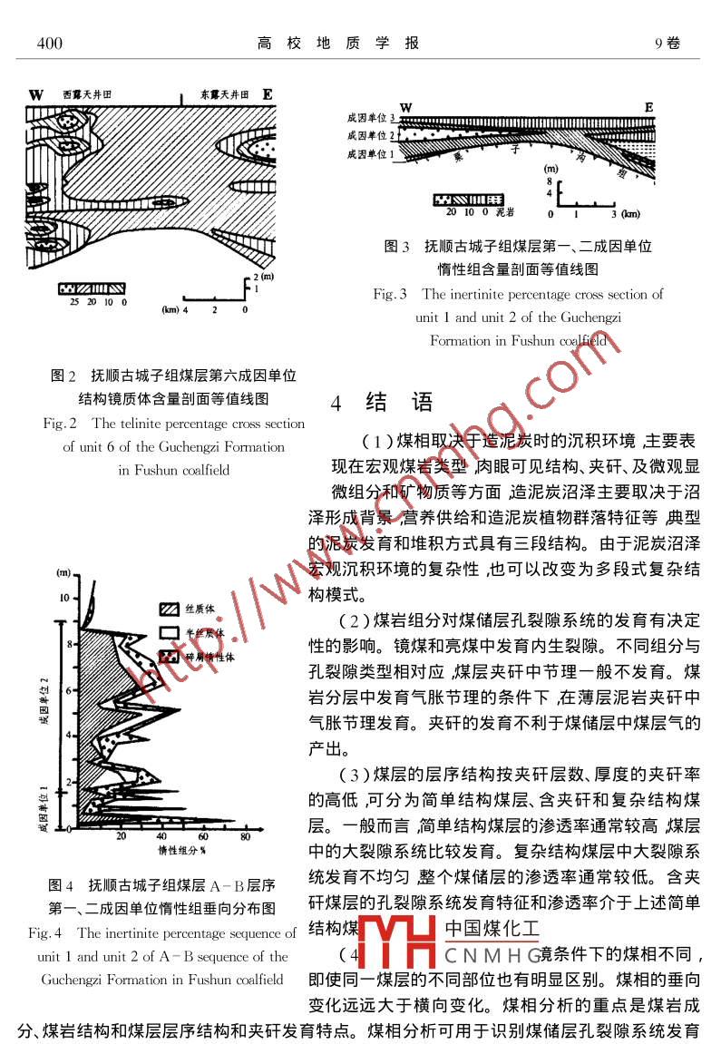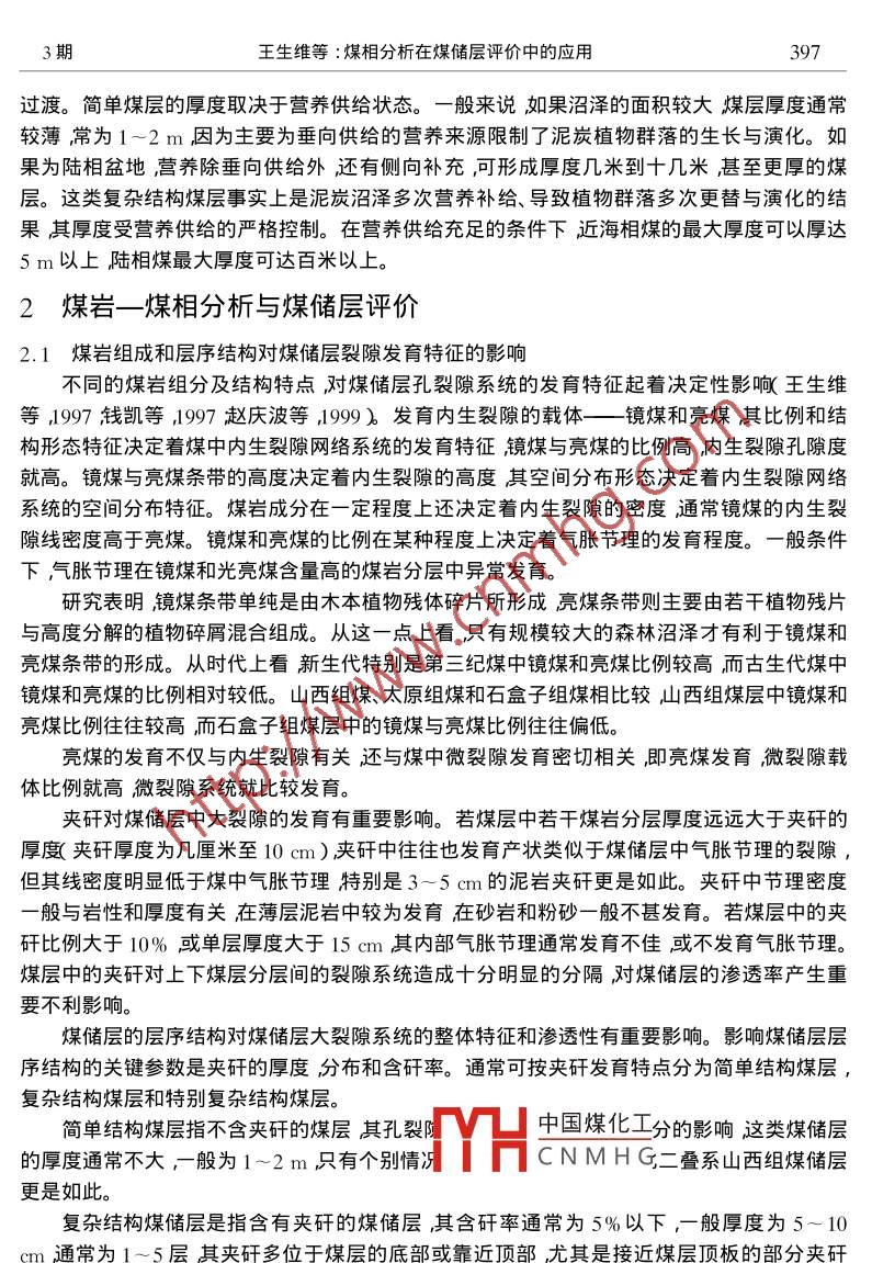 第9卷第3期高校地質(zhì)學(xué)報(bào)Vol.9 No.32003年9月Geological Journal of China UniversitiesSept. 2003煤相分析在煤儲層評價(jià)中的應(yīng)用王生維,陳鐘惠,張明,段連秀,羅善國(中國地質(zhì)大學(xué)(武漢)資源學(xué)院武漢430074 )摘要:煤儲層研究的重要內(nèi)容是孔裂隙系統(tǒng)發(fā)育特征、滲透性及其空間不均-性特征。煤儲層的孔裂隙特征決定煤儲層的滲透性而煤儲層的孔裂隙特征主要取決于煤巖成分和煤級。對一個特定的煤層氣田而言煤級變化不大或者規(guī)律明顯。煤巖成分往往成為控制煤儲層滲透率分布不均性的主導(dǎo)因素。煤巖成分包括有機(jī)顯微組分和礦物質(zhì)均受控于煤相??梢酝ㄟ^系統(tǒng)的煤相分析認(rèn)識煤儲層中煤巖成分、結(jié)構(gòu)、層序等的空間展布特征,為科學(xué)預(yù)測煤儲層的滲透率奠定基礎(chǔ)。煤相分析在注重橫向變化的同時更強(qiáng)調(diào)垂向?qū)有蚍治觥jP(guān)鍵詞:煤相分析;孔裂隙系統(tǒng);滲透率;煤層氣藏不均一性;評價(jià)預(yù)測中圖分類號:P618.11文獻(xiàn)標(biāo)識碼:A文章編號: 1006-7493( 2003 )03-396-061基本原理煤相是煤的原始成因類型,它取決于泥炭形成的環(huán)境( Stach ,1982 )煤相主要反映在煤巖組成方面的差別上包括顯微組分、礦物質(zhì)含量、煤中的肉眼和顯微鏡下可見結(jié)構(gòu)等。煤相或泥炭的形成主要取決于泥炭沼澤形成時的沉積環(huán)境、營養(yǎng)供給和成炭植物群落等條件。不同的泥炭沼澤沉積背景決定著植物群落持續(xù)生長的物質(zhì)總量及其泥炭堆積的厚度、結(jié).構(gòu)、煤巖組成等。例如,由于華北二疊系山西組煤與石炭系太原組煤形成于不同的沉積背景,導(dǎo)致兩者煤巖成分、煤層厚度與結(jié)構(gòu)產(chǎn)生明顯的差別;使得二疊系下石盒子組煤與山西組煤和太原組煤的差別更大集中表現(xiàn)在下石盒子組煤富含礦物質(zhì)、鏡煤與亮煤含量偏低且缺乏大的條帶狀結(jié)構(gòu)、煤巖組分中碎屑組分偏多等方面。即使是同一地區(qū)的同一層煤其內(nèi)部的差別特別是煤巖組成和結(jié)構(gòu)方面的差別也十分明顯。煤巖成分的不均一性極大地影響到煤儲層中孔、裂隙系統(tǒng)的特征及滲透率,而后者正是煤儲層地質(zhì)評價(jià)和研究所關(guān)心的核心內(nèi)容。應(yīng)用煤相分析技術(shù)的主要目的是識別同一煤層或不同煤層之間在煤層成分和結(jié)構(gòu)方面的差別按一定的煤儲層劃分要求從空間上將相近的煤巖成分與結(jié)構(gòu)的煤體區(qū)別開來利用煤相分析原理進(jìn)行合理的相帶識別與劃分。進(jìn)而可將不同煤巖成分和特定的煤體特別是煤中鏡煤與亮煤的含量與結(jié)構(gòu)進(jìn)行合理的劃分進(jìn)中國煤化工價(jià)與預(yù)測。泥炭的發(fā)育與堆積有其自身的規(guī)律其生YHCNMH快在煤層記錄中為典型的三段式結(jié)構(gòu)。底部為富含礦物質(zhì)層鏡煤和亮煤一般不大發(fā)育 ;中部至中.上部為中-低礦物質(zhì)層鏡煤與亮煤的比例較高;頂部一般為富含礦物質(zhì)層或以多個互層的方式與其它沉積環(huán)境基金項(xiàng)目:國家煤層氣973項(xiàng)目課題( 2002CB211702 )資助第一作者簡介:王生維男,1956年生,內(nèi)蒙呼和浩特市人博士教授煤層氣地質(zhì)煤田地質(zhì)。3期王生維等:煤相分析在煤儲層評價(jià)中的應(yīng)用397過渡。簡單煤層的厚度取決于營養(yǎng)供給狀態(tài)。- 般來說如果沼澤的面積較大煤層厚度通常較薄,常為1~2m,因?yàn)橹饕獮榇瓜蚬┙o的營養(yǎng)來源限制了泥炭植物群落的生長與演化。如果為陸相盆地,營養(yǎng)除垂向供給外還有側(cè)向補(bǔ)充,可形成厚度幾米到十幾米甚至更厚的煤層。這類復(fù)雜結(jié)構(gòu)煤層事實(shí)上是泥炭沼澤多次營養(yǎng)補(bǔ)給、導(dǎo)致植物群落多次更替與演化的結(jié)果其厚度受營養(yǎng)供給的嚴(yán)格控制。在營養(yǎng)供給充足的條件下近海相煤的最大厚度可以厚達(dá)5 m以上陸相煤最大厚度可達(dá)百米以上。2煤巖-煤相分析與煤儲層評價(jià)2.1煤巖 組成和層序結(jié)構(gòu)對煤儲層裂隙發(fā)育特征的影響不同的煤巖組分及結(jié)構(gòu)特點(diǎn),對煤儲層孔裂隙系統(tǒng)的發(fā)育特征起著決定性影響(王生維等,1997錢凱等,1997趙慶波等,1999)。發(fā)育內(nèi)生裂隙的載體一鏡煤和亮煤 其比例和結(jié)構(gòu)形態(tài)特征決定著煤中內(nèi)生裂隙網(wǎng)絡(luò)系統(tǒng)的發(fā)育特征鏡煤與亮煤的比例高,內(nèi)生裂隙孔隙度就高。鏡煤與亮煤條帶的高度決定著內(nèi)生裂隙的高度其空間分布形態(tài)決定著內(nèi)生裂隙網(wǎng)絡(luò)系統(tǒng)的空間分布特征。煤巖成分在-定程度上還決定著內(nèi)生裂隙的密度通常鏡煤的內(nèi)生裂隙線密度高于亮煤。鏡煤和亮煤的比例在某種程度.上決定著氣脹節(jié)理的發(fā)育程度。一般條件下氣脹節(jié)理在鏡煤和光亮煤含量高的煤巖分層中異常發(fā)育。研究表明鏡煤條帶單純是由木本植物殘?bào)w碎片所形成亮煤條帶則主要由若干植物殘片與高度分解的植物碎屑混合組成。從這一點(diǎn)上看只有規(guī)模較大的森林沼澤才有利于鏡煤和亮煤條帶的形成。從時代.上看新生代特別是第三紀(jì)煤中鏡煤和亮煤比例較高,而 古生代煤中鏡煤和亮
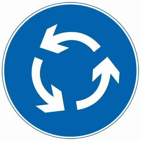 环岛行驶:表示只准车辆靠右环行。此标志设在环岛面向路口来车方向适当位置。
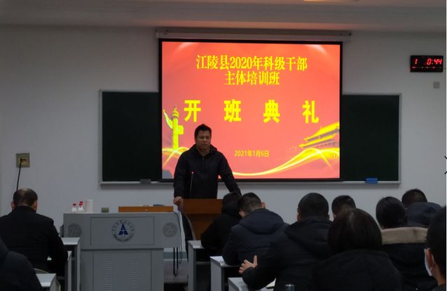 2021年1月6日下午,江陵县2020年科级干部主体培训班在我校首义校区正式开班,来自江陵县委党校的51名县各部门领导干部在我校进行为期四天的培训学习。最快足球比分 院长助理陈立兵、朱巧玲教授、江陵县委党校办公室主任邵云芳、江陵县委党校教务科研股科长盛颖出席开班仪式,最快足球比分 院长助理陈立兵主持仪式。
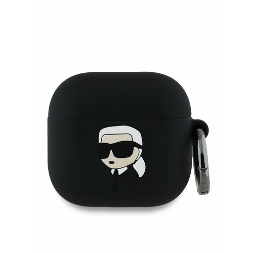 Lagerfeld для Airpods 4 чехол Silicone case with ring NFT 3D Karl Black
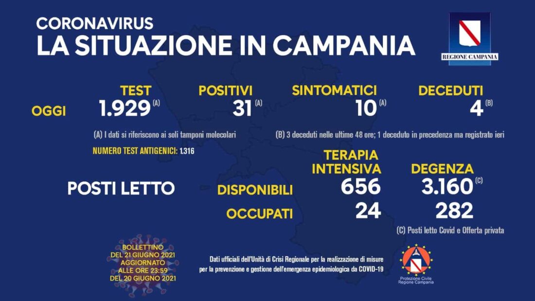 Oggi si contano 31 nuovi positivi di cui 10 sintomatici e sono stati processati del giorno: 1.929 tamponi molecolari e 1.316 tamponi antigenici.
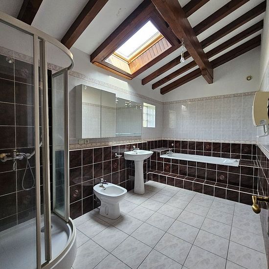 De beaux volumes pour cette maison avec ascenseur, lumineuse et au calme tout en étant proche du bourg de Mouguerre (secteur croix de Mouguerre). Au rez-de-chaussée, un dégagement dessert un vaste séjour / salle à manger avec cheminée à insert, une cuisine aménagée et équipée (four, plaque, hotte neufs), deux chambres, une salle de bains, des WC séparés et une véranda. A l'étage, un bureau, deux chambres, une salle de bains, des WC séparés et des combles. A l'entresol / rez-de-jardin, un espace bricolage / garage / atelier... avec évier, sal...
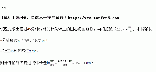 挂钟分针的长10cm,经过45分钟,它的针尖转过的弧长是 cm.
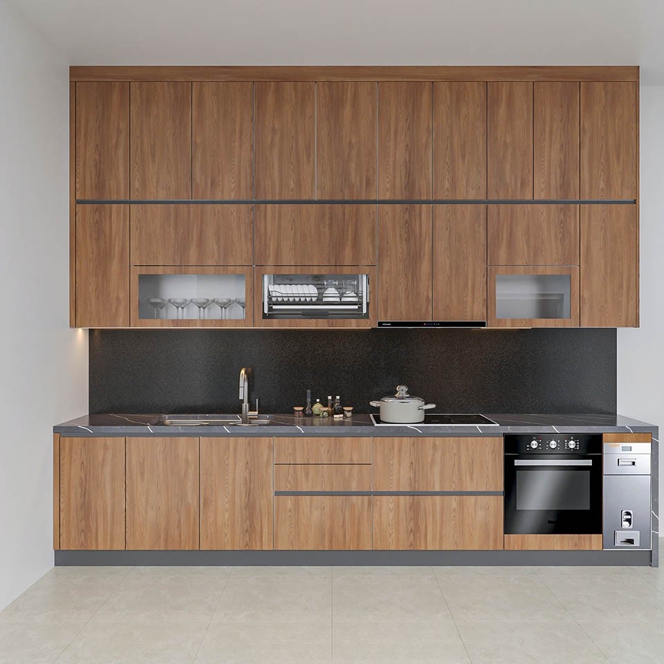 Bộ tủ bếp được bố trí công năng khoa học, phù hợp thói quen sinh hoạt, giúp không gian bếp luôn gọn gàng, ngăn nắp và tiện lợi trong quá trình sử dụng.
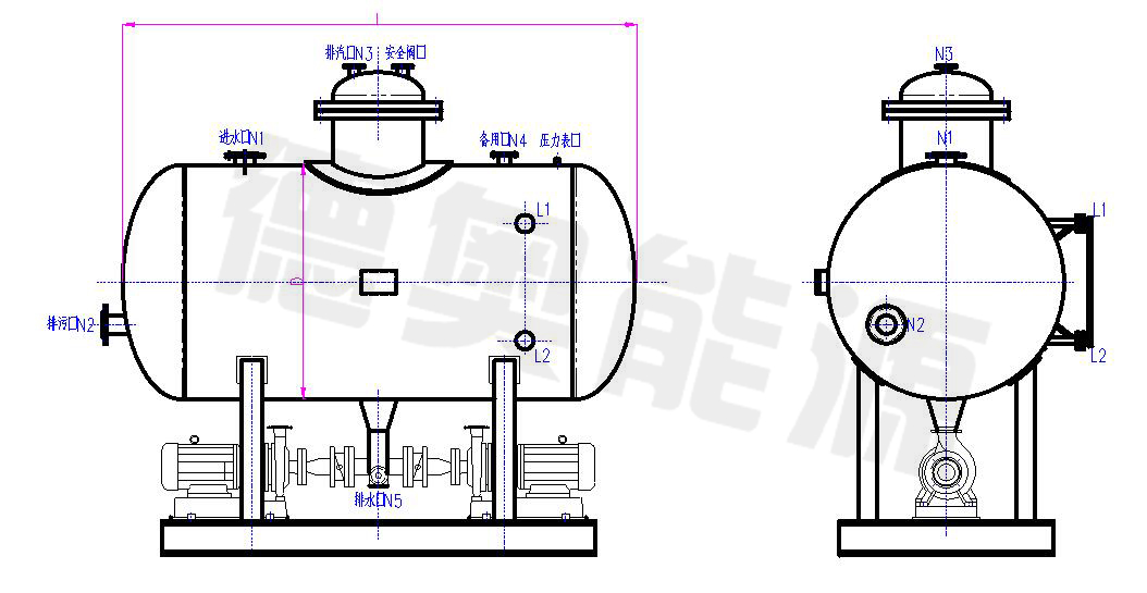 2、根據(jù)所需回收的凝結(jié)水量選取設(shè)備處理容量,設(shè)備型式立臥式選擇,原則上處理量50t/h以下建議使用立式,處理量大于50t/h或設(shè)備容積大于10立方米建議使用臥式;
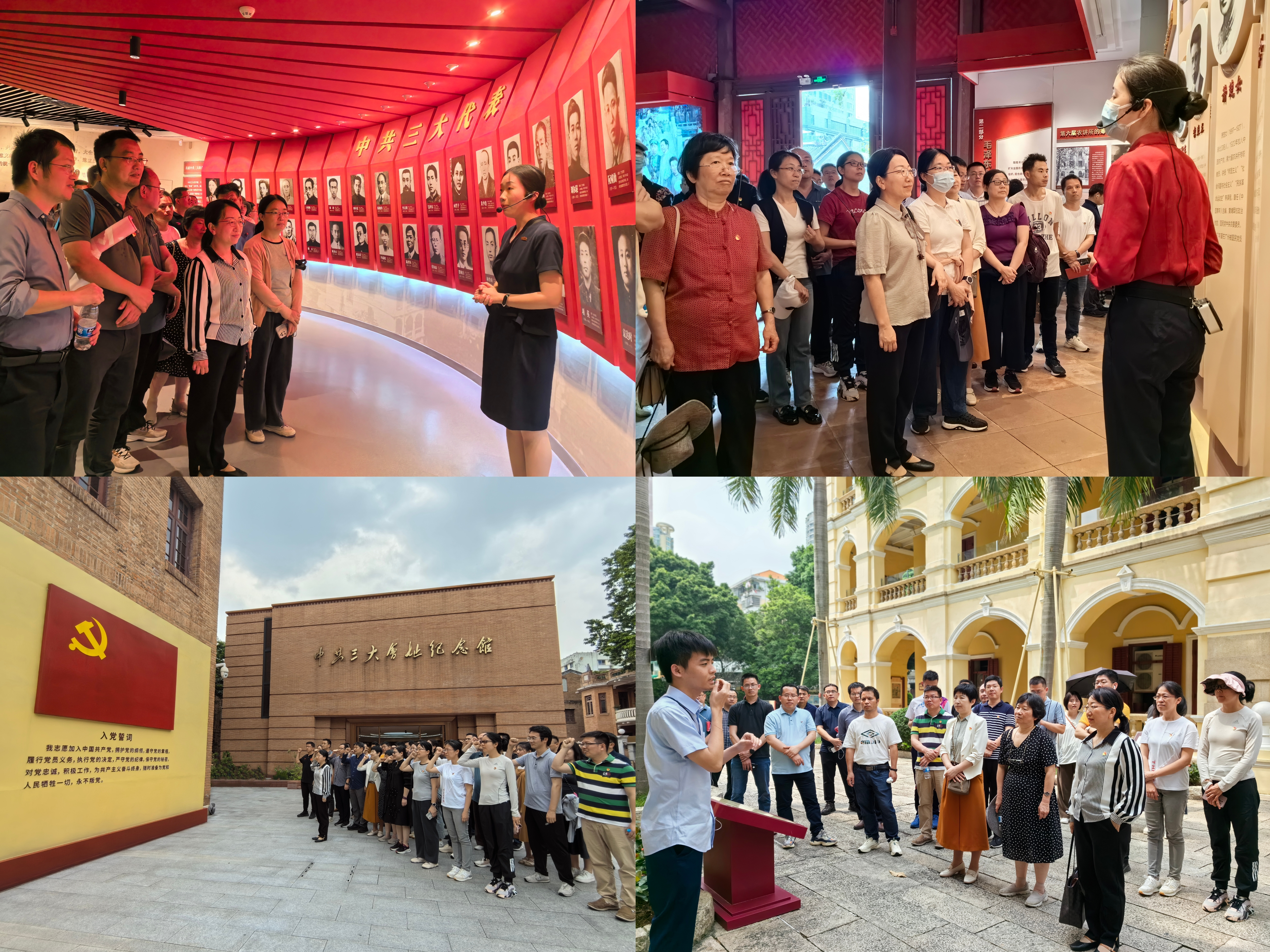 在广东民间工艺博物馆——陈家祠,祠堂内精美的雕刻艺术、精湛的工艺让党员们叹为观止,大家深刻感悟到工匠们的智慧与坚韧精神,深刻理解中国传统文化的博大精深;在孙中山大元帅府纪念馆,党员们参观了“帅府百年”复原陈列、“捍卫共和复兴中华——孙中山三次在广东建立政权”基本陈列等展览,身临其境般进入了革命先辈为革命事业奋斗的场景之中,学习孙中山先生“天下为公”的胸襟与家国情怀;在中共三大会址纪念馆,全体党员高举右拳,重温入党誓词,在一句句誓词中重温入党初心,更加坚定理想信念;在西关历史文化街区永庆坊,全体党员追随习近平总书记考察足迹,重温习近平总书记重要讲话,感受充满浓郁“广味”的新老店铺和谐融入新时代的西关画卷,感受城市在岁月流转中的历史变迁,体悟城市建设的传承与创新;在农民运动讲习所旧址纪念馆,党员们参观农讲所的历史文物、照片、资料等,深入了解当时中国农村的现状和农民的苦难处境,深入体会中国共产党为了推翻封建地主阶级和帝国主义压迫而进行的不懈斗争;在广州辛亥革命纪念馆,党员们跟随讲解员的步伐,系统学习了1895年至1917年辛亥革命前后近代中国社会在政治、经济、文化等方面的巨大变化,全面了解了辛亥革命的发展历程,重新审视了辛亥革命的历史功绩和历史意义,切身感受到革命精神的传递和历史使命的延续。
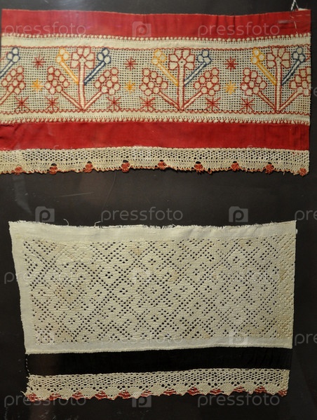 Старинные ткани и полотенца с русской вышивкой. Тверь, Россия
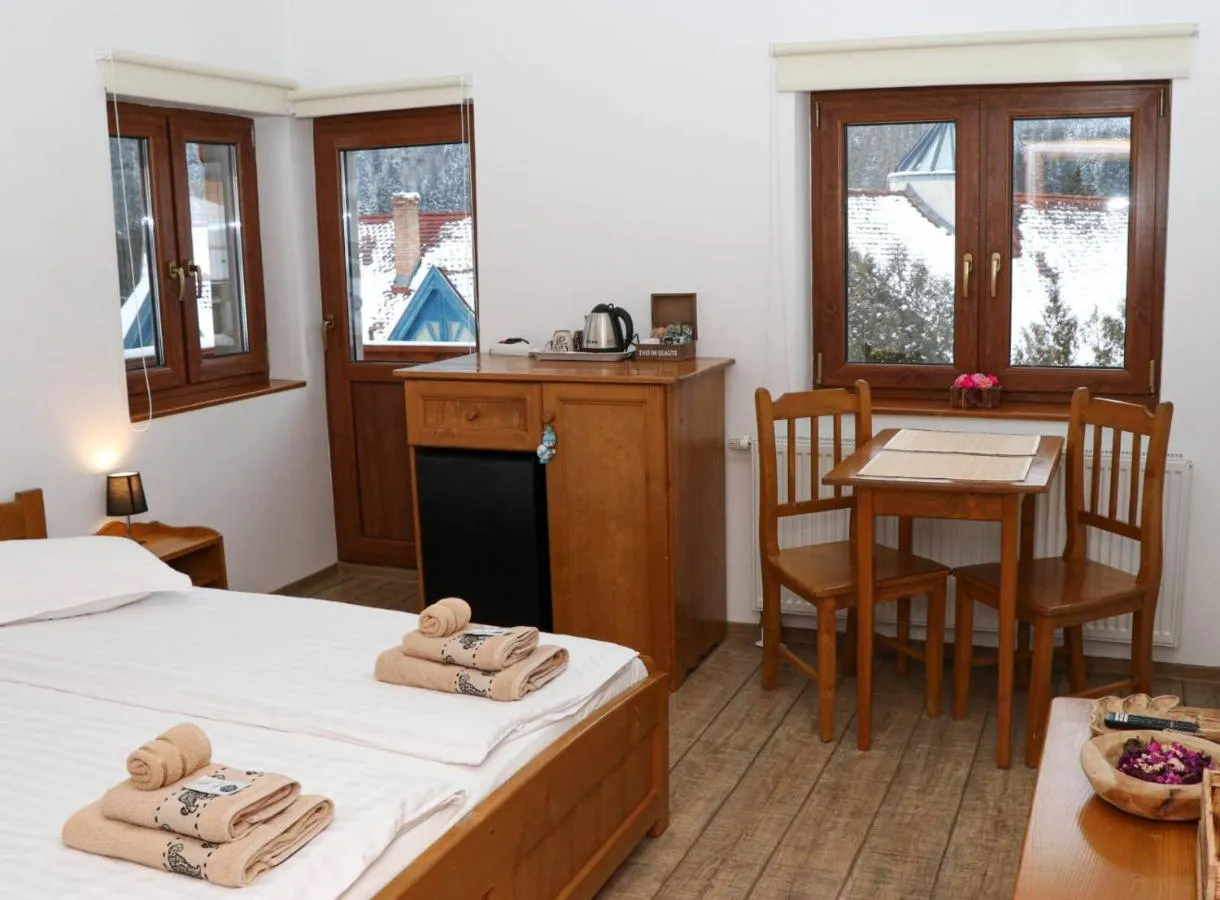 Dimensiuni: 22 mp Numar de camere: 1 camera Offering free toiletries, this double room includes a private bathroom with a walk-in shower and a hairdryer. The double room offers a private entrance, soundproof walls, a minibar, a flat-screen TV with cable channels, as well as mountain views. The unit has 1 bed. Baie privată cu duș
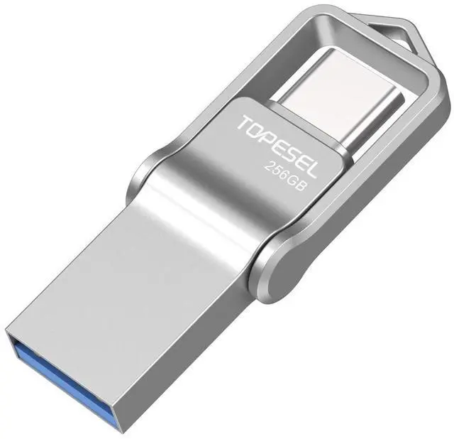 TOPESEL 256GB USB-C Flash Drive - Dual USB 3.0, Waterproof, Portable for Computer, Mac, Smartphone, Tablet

[WORK REQUIRED] In the listing above, find the line with "Lagerfeld для Airpods" and output every line through the one with "Bộ tủ bếp được", exactly, without the pictures.

[SOLUTION BELOW]
 Lagerfeld для Airpods 4 чехол Silicone case with ring NFT 3D Karl Black
 Oggi si contano 31 nuovi positivi di cui 10 sintomatici e sono stati processati del giorno: 1.929 tamponi molecolari e 1.316 tamponi antigenici.
 De beaux volumes pour cette maison avec ascenseur, lumineuse et au calme tout en étant proche du bourg de Mouguerre (secteur croix de Mouguerre). Au rez-de-chaussée, un dégagement dessert un vaste séjour / salle à manger avec cheminée à insert, une cuisine aménagée et équipée (four, plaque, hotte neufs), deux chambres, une salle de bains, des WC séparés et une véranda. A l'étage, un bureau, deux chambres, une salle de bains, des WC séparés et des combles. A l'entresol / rez-de-jardin, un espace bricolage / garage / atelier... avec évier, sal...
 挂钟分针的长10cm,经过45分钟,它的针尖转过的弧长是 cm.
 Bộ tủ bếp được bố trí công năng khoa học, phù hợp thói quen sinh hoạt, giúp không gian bếp luôn gọn gàng, ngăn nắp và tiện lợi trong quá trình sử dụng.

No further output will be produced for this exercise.